Lines that contain the string "Figure" are the ones to list; copy all of them from the records.
(Material supplied)
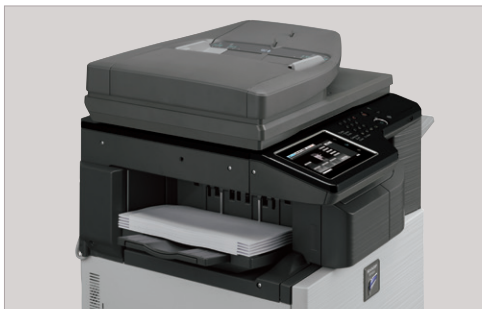
Available compact inner finisher with 50-sheet staple capacity.

A full-featured MFP that is also a strong value – the MX-M364N/M464N/M564N Essentials Series monochrome document systems will exceed your expectations.
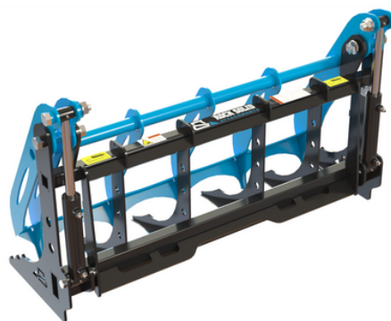
CT3RRG - Rock Solid Blue + Black
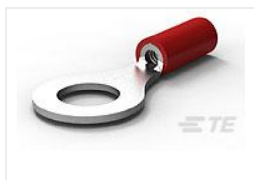
TE Part #696049-1 PG 8 RING #8
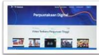
Figure 1. Display Stage School Figure 2. Display Digital Library
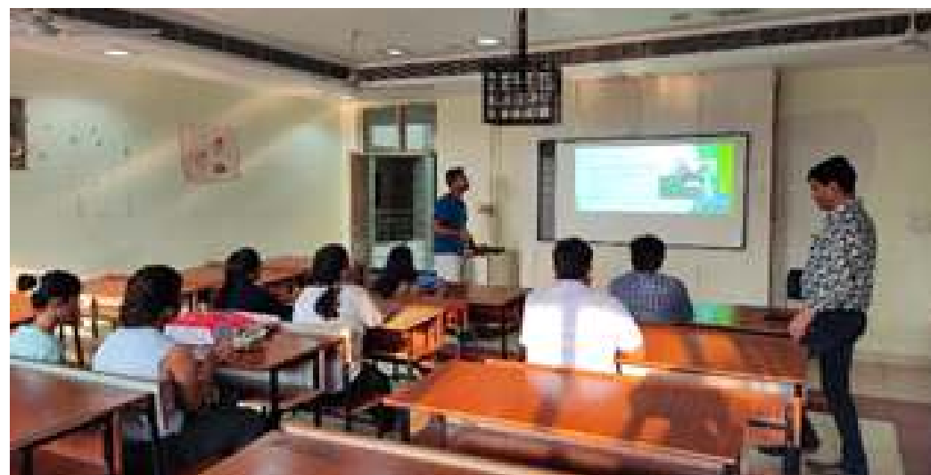
Students making presentation during Hackathon competition

ten students received First prize i.e. Rs. 1000/- Similarly, ten second prize i.e. Rs. 750/- and nine third prize i.e. Rs. 500/-.
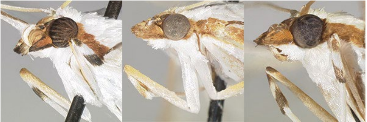
Figure 3. Labial palpi and foreleg tibia: A. Palpita persimilis ; B. Palpita kimballi ; C. Palpita quadristigmalis .
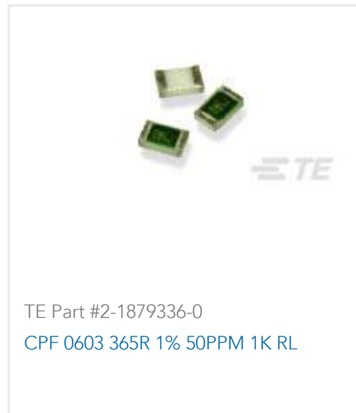
TE Part #2-1879336-0 CPF 0603 365R 1% 50PPM 1K RL
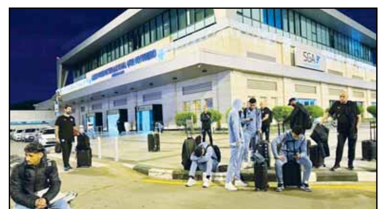
The stranded Pyramids Club players.

CAIRO, Jan 12: The Egyptian Pyramids Club experienced a serious air emergency during its return flight from Angola to Cairo, resulting in an emergency evacuation at Luanda Airport.
(End Material supplied)
● Answer below:
Figure 1. Display Stage School Figure 2. Display Digital Library
Figure 3. Labial palpi and foreleg tibia: A. Palpita persimilis ; B. Palpita kimballi ; C. Palpita quadristigmalis .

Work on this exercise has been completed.